关 键 词:癫痫 脑电描记术 多道睡眠描记术 临床 治疗 Lennox-Gastaut综合征 临床表现 脑电图

Characteristics of clinical manifestations and EEG of Lennox-Gastaut syndrome
Ren Lian-kun,Wu Li-wen,Jin Li-ri,Gao Wei,Shao Xiao-qiu. Characteristics of clinical manifestations and EEG of Lennox-Gastaut syndrome[J]. Chinese journal of pediatrics, 2003, 41(1): 7-10
Authors:Ren Lian-kun  Wu Li-wen  Jin Li-ri  Gao Wei  Shao Xiao-qiu
Affiliation:Department of Neurology, Peking Union Medical College Hospital, Chinese Academy of Medical Sciences, Beijing 100730, China.
Abstract:
OBJECTIVE: Lennox-Gastaut syndrome (LGS) is one of the most severe and refractory form of childhood epilepsy. The purpose of this study was to investigate the clinical and EEG characteristics of patients with LGS. METHODS: Sixty-two patients with LGS, including 37 males and 25 females, were followed-up regularly per three months or per six months, therapy was adjusted according to the changes in seizures and EEG, and the clinical data were analyzed in detail.

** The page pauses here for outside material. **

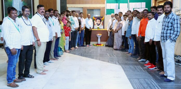महानगरपालिकेच्या मुख्य प्रशासकीय इमारतीमधील शंकर आण्णा गावडे यांच्या प्रतिमेस उप आयुक्त अण्णा बोदडे यांनी पुष्पहार अर्पण करून अभिवादन केले.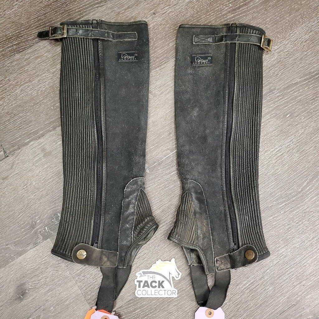 Pr Hvy Suede Half Chaps, Top Strap/Buckle *fair/gc, v.faded, rubs, older, scrapes, stains, stretched elastic

RESULTS: The onset occurred between the age of 8 months and 12 years, with the peak at 1-4 years of age, accounting for 61%; a late onset which occurred after 8 years of age, was unusual. Furthermore, one patient who developed LGS at the age of 13 years and remained to have all the features of seizures and EEG at 35 years of age was identified as adult's LGS. Forty-three patients were classified as symptomatic, perinatal events were the predominant factors in this group. The others were cryptogenic. It was noted that 11 cases had a history of West syndrome. A transformation process from West syndrome to LGS was observed in another 7 cases. Every patient had two or more seizure types during the course of the disease; tonic seizure, atypical absence seizure, head drop or sudden falls were the characteristic types. The degree of mental deficit was variable from slight to profound deterioration, but mental and behavioral disturbances existed in every case as a rule. In all cases electroencephalogram (EEG) background was abnormal and consisted of diffuse slow spike-and-waves (1-1.5CPS), predominant in frontal and temporal regions. Twenty-four cases had the polyspike-wave. Bursts of fast rhythms (10-14CPS) were observed in 29 patients during sleep. The choice of antiepileptic drugs (AEDs) was based on the seizure types; routinely, 2 or more kinds of AEDs were used in combination, the classic drugs, valproate and clonazepam were firstly recommended; the other drugs, such as lamotrigine and topiramate that are used as add-on therapy were further consideration. Although the total effect was not satisfactory, the severity and frequency of seizures in almost all cases had lessened to some extent. CONCLUSION: LGS shows diverse manifestations; comprehensive diagnosis is crucial, active and efficacious treatment can improve the mental and behavioral development and prognosis as a whole.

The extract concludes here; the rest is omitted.